ConnectedDrivingPipelineV4
⭐ 1 stars | 🔱 2 forks
🔗 Quick Links
📊 Project Details
- Primary Language: Python
- Languages Used: Python, Shell, Makefile, Dockerfile
- License: None
- Created: April 23, 2023
- Last Updated: April 10, 2026
📝 About
ConnectedDrivingPipelineV4
A high-performance, Dask-powered pipeline for connected driving dataset processing and machine learning. This framework provides a unified, config-driven approach to BSM (Basic Safety Message) data analysis, attack simulation, and ML classifier training.
Overview
ConnectedDrivingPipelineV4 is a complete rewrite of the original pandas-based pipeline, now leveraging Dask for distributed computing on a 64GB single-node workstation. The migration enables processing of 15M+ row datasets with significantly improved performance and memory efficiency.
Key Features:
- Unified Pipeline Runner: Single DaskPipelineRunner replaces 55+ individual pipeline scripts
- Config-Driven: JSON-based configuration for reproducible experiments
- Scalable: Handles 15M+ rows on 64GB RAM (pandas struggled at 5M rows)

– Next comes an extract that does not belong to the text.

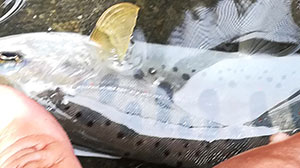 実は今回、私達の仲間の一人がそんなマナーの悪い釣り人と自分の釣り区間内でかち合い、遊漁鑑札の提示を求めたところ知らない振りをして行ってしまったそうです。

- Fast: 2-4x speedup on data cleaning and attack simulation operations
- Efficient Caching: Parquet-based caching with ≥85% hit rates
- Production Ready: Comprehensive testing, validation, and monitoring tools
Quick Start
Prerequisites
Hardware Requirements: - RAM: 64GB (minimum) - critical requirement - CPU: 6+ cores (12 cores recommended) - Storage: 500GB+ SSD (1TB+ recommended for caching)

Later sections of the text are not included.